Parte 1: Globo Filmes e a "volta" do público, democratização e padronização

Ruy Gardnier – Acho que não dá para começar a falar do cinema brasileiro hoje, dia 10 de janeiro, sem mencionar o acontecido ontem: o cinema brasileiro perdeu aquele que talvez seja seu maior cineasta dos últimos anos, Rogério Sganzerla. Obviamente é um choque, ainda mais porque ele está com um filme para estrear. E é curioso porque, se a gente tentar observar o ano de 2003 no cinema brasileiro pelos filmes que passaram nos festivais, ao invés de por aqueles que entraram em cartaz, são anos completamente diferentes. De um lado nós temos um ano que passou um pouco entre parênteses, onde não houve unanimidades, e acho difícil que das nove pessoas aqui reunidas se consiga fazer com que três citem os mesmos filmes como destaques do ano, entre os lançados comercialmente. De outro lado, nos festivais tivemos alguns filmes que vão ser lembrados muito mais fortemente, como o próprio Signo do Caos, do Sganzerla; O Prisioneiro da Grade de Ferro, do Paulo Sacramento; Filme de Amor, do Bressane.

Eduardo Valente – Além dos que ainda nem foram exibidos fora de seus festivais de estréia, como o Garotas do ABC, do Carlos Reichenbach ou o Harmada do Maurice Capovilla...
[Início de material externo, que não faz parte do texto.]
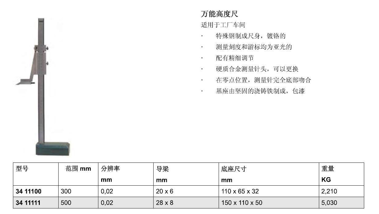 ·特殊钢制成尺身. 锁铭的 ·测量刻度和游标均为亚光的 ·配有精细调节 ·硬质合金测措针头. 可以更换 ·在零点位置. 测量针完全底部吻合基座由坚固的浇铸铁制成. 包漆

RG – E para fechar este registro daquilo que perdemos em 2003, há que se mencionar Jairo Ferreira, realizador e crítico; e Waly Salomão, ator em Gregório de Mattos e que tem contribuições várias ao cinema brasileiro, apesar de laterais, desde os anos 60.

Daniel Caetano – Passado este obituário, importante de anotar, o tema central do qual a gente não vai fugir é o do grande público e a Globo Filmes.

RG – Quando se fala em 2003, o que vem não é uma palavra, não é nenhuma expressão, é um número: 22 – que foi a porcentagem de público conseguido pelo cinema brasileiro no ano.

DC – Que é também o número do maluco, o 22...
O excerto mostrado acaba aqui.